Description of the task:
Copy each line of the records below, from the first through the one that contains "Bing & Grøndahl", exactly as written.

---

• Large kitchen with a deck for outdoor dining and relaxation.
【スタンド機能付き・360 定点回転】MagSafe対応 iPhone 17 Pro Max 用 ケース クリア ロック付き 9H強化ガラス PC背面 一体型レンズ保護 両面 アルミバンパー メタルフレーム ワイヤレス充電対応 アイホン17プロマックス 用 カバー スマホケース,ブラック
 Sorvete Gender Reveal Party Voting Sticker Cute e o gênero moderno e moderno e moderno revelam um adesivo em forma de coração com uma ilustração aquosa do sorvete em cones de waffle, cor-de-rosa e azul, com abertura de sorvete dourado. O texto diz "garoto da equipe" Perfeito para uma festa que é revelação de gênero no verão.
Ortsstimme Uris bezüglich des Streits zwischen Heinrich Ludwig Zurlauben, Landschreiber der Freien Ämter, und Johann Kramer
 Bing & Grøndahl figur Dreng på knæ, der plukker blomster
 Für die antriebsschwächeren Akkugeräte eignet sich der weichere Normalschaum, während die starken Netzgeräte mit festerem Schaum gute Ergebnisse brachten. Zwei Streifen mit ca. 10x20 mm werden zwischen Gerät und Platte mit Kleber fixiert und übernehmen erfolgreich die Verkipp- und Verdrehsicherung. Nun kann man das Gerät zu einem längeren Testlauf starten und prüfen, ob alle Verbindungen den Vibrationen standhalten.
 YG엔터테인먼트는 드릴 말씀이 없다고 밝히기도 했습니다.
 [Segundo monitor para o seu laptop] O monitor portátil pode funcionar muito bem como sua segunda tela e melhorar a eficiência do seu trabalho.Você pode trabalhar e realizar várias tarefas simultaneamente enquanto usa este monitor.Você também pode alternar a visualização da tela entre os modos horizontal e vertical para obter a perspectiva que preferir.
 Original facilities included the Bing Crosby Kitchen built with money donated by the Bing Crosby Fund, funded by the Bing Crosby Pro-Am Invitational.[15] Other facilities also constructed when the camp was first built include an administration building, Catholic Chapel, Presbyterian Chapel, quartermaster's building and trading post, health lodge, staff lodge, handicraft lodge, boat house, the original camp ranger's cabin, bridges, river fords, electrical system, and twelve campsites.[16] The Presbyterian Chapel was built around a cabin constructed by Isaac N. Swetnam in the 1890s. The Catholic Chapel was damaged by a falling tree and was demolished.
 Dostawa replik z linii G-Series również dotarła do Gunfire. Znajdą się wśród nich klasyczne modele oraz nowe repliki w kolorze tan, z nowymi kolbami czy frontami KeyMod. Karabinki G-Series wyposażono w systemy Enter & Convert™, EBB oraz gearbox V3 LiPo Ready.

---

Expected answer:
• Large kitchen with a deck for outdoor dining and relaxation.
【スタンド機能付き・360 定点回転】MagSafe対応 iPhone 17 Pro Max 用 ケース クリア ロック付き 9H強化ガラス PC背面 一体型レンズ保護 両面 アルミバンパー メタルフレーム ワイヤレス充電対応 アイホン17プロマックス 用 カバー スマホケース,ブラック
 Sorvete Gender Reveal Party Voting Sticker Cute e o gênero moderno e moderno e moderno revelam um adesivo em forma de coração com uma ilustração aquosa do sorvete em cones de waffle, cor-de-rosa e azul, com abertura de sorvete dourado. O texto diz "garoto da equipe" Perfeito para uma festa que é revelação de gênero no verão.
Ortsstimme Uris bezüglich des Streits zwischen Heinrich Ludwig Zurlauben, Landschreiber der Freien Ämter, und Johann Kramer
 Bing & Grøndahl figur Dreng på knæ, der plukker blomster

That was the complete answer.